これほど高齢化が進む日本において、なぜ介護制度についての理解が広がらないのか。理由はいろいろ考えられるが、その一つに、介護に対するネガティブなイメージがあるような気がする。
同じ「家族の話」であっても、こと子育てについてなら「ようやく夜寝てくれるようになったのよ」とか、「一人で歩けるようになったの」とか、「運よく近場の保育園に入れたの!」などと笑顔で話す彼女たちも、介護状態になった親について「夜中に何度もトイレに起きるのよ」とか「大腿骨骨折で入院したら寝たきりになっちゃって」とか「300人待ちの特養にようやく入れたのよ!」とは、そう気安くは話せないのではないだろうか。

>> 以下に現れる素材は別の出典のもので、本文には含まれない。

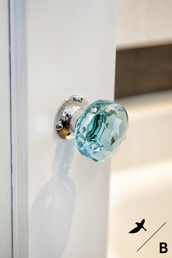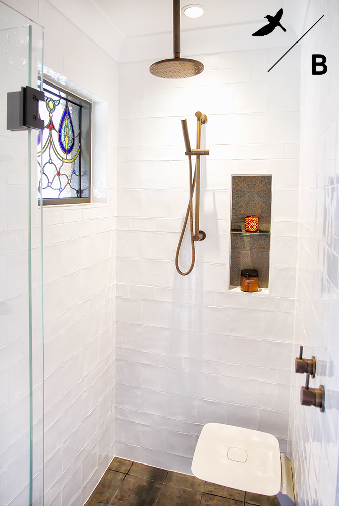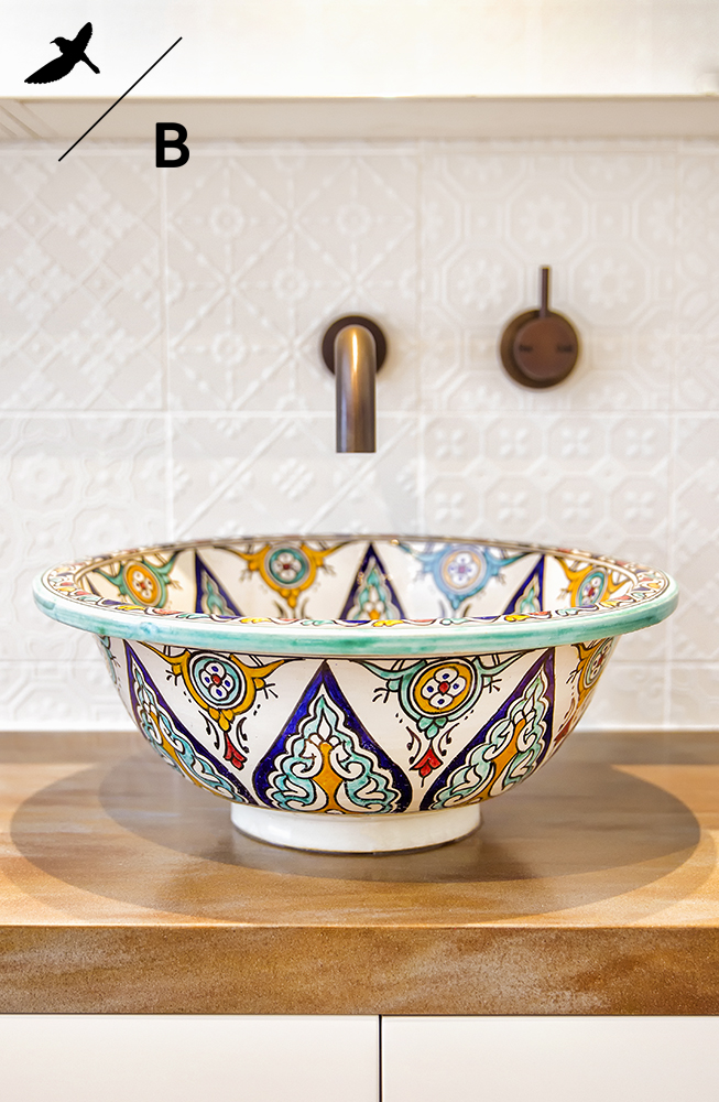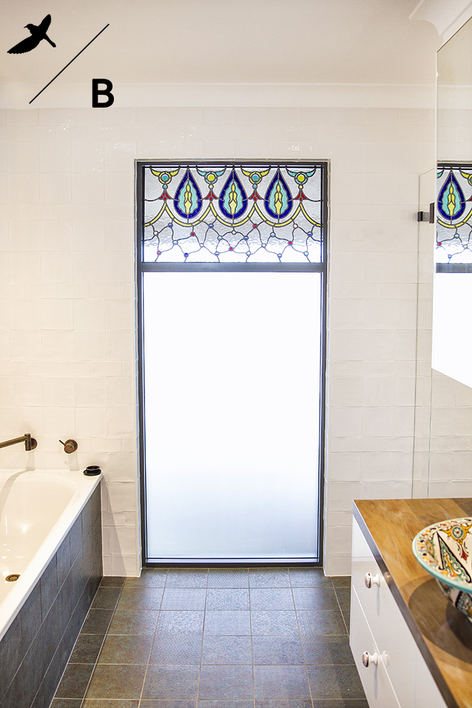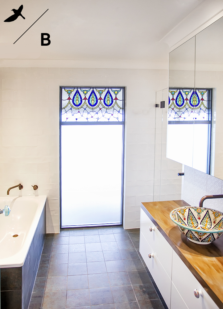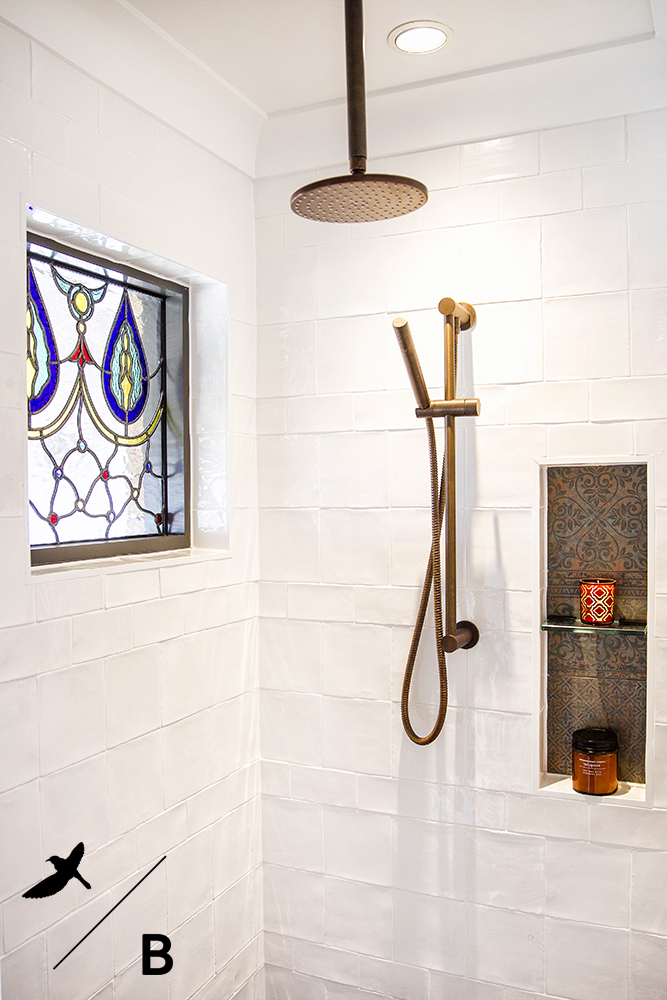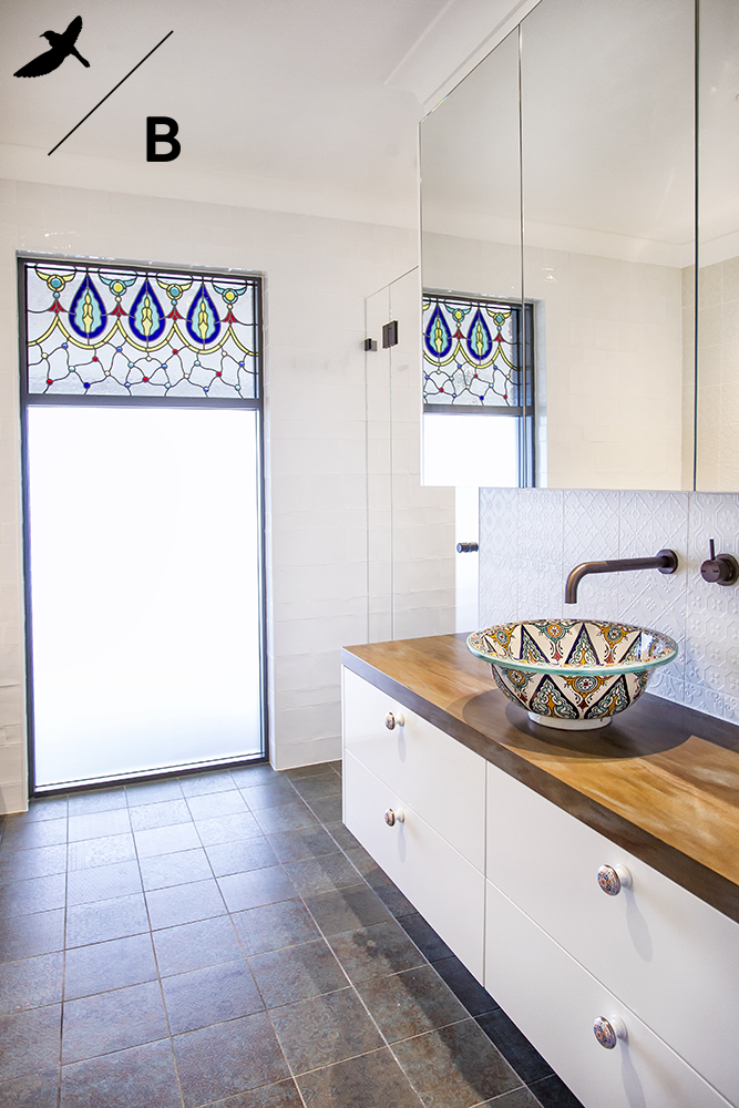 One of the most important elements introduces pops of colour into the space are the two stained-glass windows which echo the Moroccan influence. Both windows were custom-made, reflecting the colours and patterns found in the feature basin; a beautiful statement, capturing the eye as you step into the Bathroom.

話題にのぼらなければ、当然、悩みや経験は共有されず、介護に関する知識も広がっていかない。
そこでだ。
現状生き方においては「手ぶら」とも言える私が、ここで介護制度について学び、そのことを伝えることで、友人たちにとって「身内の介護の話を比較的気軽に話せて、ちょっとしたアドバイスができる存在」になれたらどうか、それは少しは「人の役に立つ」ことになるのではないかー。
コロナ禍をきっかけに転がり始めた思考の球はここで一つのゴールを迎えたのだった。

面白いもので、考え始めると、「介護」はそう遠くない場所にぽっかりと口を開けて私を待っているように思われてきた。行動するなら時間のある今しかない。そう思って調べてみると、2000年に始まった介護保険制度で定められたヘルパー2級という資格は今はなく、「介護職員初任者研修」という研修を修了することで同等の資格が与えられるということが分かった。
比較検討を重ねた結果、全16回のスクーリングを行っている都内の教室に毎週日曜日に通うことに決めた。授業は午前10時から午後17時まで。毎週日曜日、私には行くべき場所ができた。